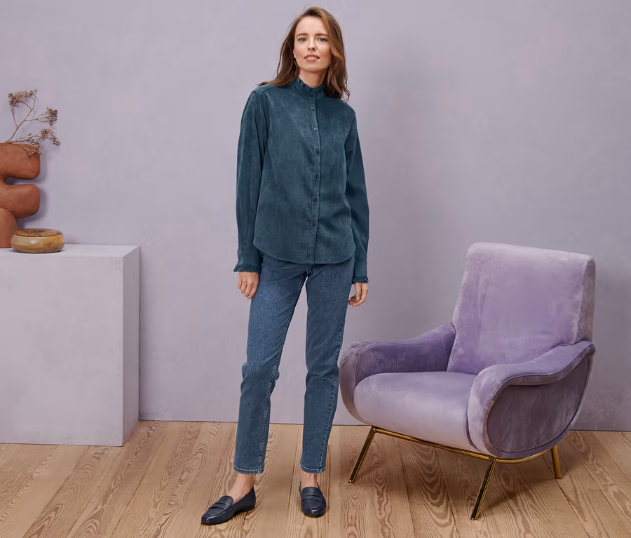 Manšestrová halenka s volánkovými detaily
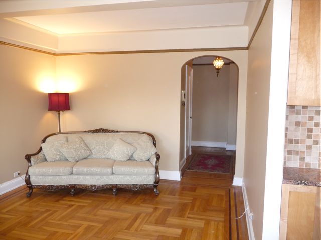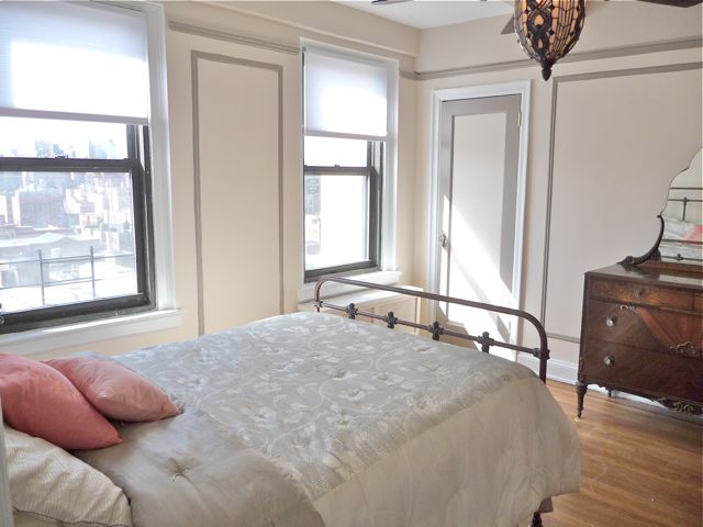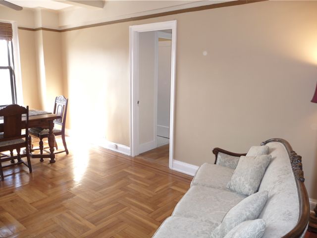 The comfortable living area with herringbone oak floors and mahogany inlays shares a short hallway that leads to the huge bedroom. Wonderful southern exposure drenches the whole apartment in warm sunlight and unobstructed city views from windows in all the rooms--even the bathroom.
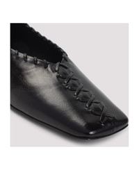 Jil Sander Black Goat Leather Ballerina. Pure black goat leather ballerina, squared toe, top tonal strap, slip-on style, gold-tone metallic ankle strap, tonal sole, flat design. Made in: Italy Color: Black Gold Model number: J15WZ0009P4864002
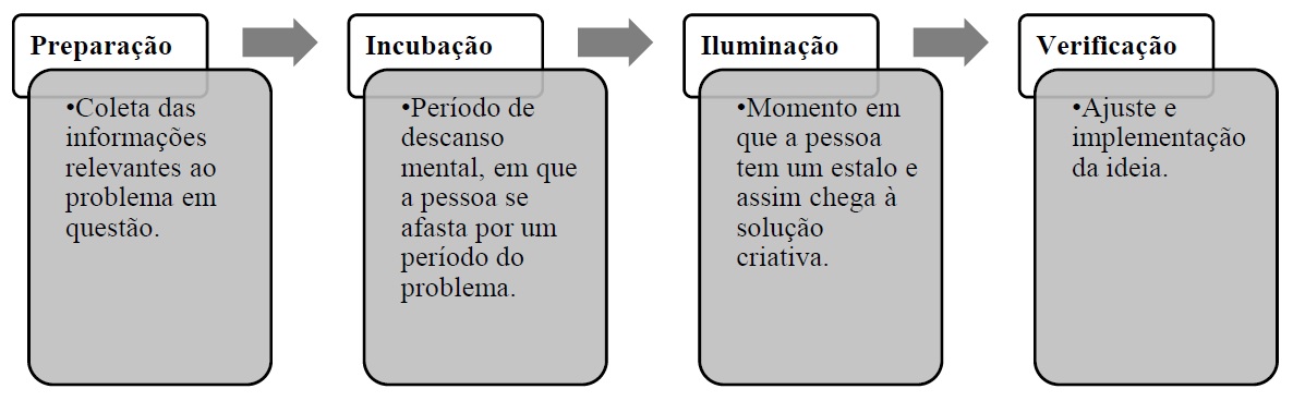 O processo pelo qual a criatividade é concebida tem recebido especial atenção na literatura. O primeiro modelo do pensamento criativo seguiu a linha antropocêntrica do início do século XX. A criação de uma nova ideia seguia quatro etapas, conforme mostra a Figura 1 (de Alencar, 1995, citando Wallas, 1926).
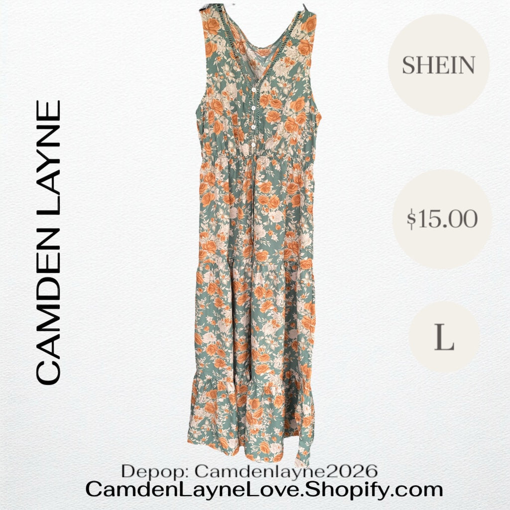 charming midi-length dress with a distinctive green base adorned with vibrant orange and yellow floral patterns.Key features of the dress include:
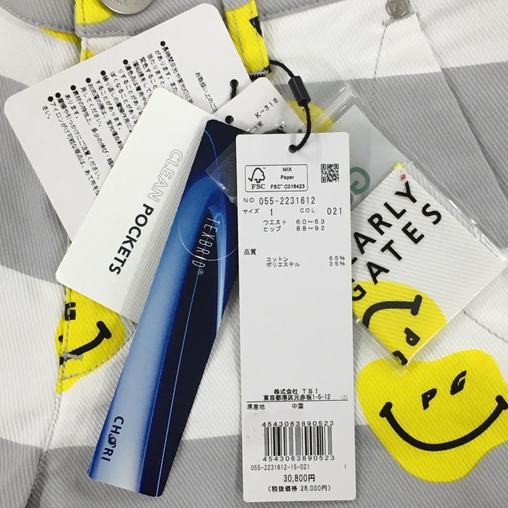 【新品】パーリーゲイツ パンツ 白×グレー ボーダー TOKE NICO ニコちゃん レディース 1(M) ゴルフウェア PEARLY GATES
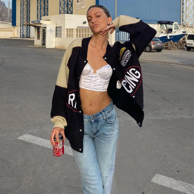 Женский свитшот Y2k, уличная одежда, бейсбольные куртки оверсайз, к...
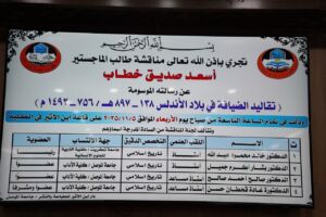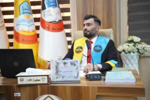 The Department of History at the College of Arts discussed a Master’s thesis titled “Hospitality Traditions in Al-Andalus (138-897 AH / 756-1492 CE)” on Wednesday, November 5, 2025. The Dean of the College, Professor Dr. Hatem Fahd Al-Ta’i, the Head of the Department, Dr. Salih Mahmoud Saeed, and a number of the College’s faculty members attended part of the defense.
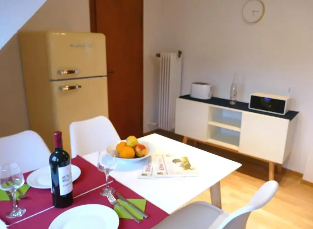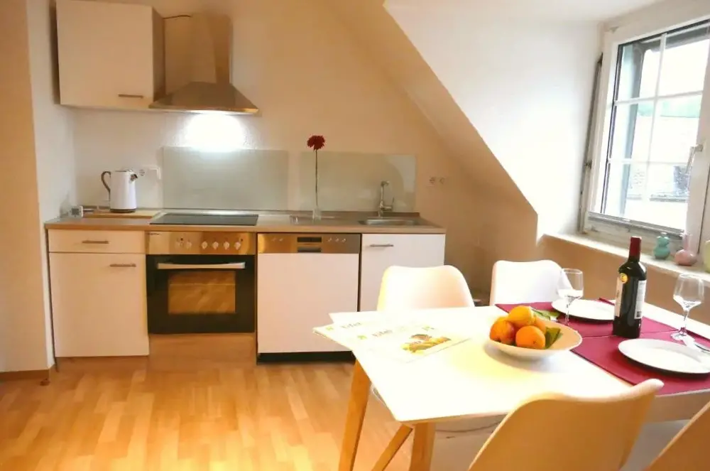 Sehr ästhetisch und geschmackvolle Ausstattung, komfortabel und hochwertig. Es wird eine großzügige Ausstattung an Getränken wie Säften, Kaffee&Milch und regionale Weine/Sekt zur Verfügung gestellt. Das ist ein wirklicher Service. Alles in allem einfach sehr liebevoll, man kann sich wirklich sehr wohlfühlen!
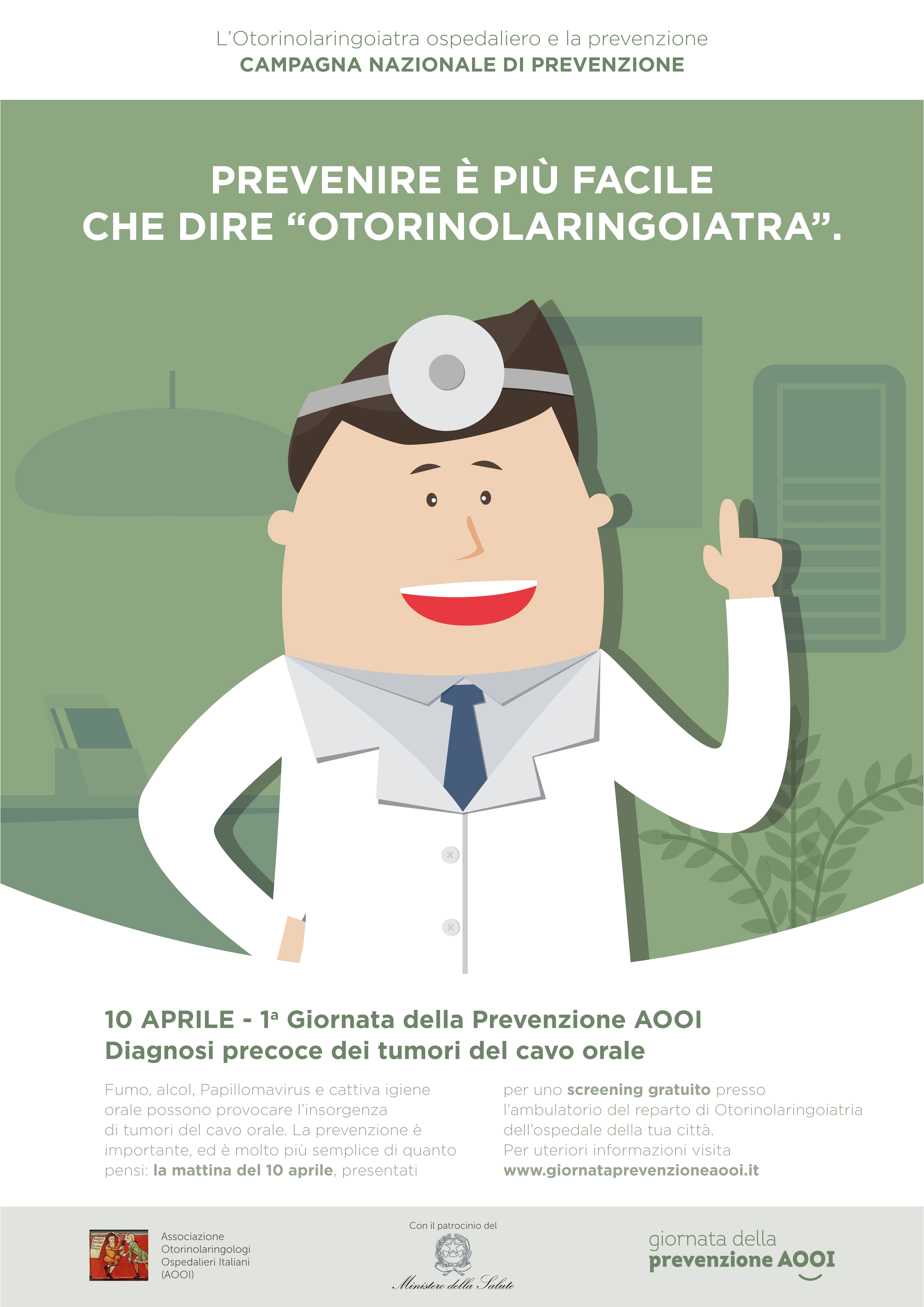 Scegli la salute: prevenire è più facile che dire “otorinolaringoiatria”! Lo sanno bene gli specialisti AOOI – Associazione Otorinolaringologi Ospedalieri Italiani che per il prossimo 10 aprile hanno organizzato, con il patrocinio del Ministero della Salute, la 1° Giornata della prevenzione AOOI dedicata alla diagnosi precoce dei tumori del cavo orale.
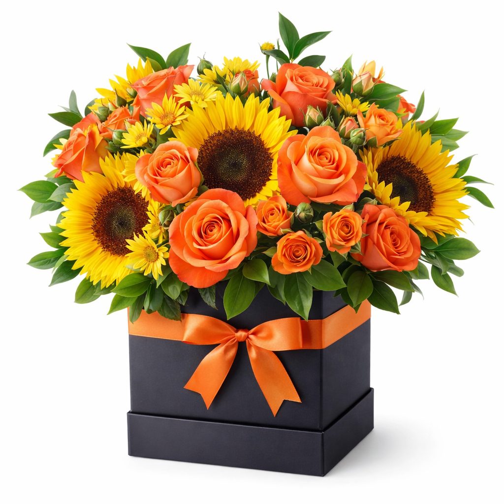 Яркие подсолнухи, оранжевые кустовые розы и альстромерии создают солнечное настроение в этой цветочной композиции. Желтые хризантемы добавляют нежности и гармонии. Композиция оформлена в стильной квадратной коробке. Возможны альтернативы: бархатная коробка или коробка с принтом. Прекрасный выбор для празднования дня рождения или для любимой.
•••••
Nothing but the lines from the beginning of the material through the line with "The Department of" should appear, printed exactly, with no pictures among them.

 Manšestrová halenka s volánkovými detaily
 The comfortable living area with herringbone oak floors and mahogany inlays shares a short hallway that leads to the huge bedroom. Wonderful southern exposure drenches the whole apartment in warm sunlight and unobstructed city views from windows in all the rooms--even the bathroom.
 Jil Sander Black Goat Leather Ballerina. Pure black goat leather ballerina, squared toe, top tonal strap, slip-on style, gold-tone metallic ankle strap, tonal sole, flat design. Made in: Italy Color: Black Gold Model number: J15WZ0009P4864002
 O processo pelo qual a criatividade é concebida tem recebido especial atenção na literatura. O primeiro modelo do pensamento criativo seguiu a linha antropocêntrica do início do século XX. A criação de uma nova ideia seguia quatro etapas, conforme mostra a Figura 1 (de Alencar, 1995, citando Wallas, 1926).
 charming midi-length dress with a distinctive green base adorned with vibrant orange and yellow floral patterns.Key features of the dress include:
 【新品】パーリーゲイツ パンツ 白×グレー ボーダー TOKE NICO ニコちゃん レディース 1(M) ゴルフウェア PEARLY GATES
 Женский свитшот Y2k, уличная одежда, бейсбольные куртки оверсайз, к...
 The Department of History at the College of Arts discussed a Master’s thesis titled “Hospitality Traditions in Al-Andalus (138-897 AH / 756-1492 CE)” on Wednesday, November 5, 2025. The Dean of the College, Professor Dr. Hatem Fahd Al-Ta’i, the Head of the Department, Dr. Salih Mahmoud Saeed, and a number of the College’s faculty members attended part of the defense.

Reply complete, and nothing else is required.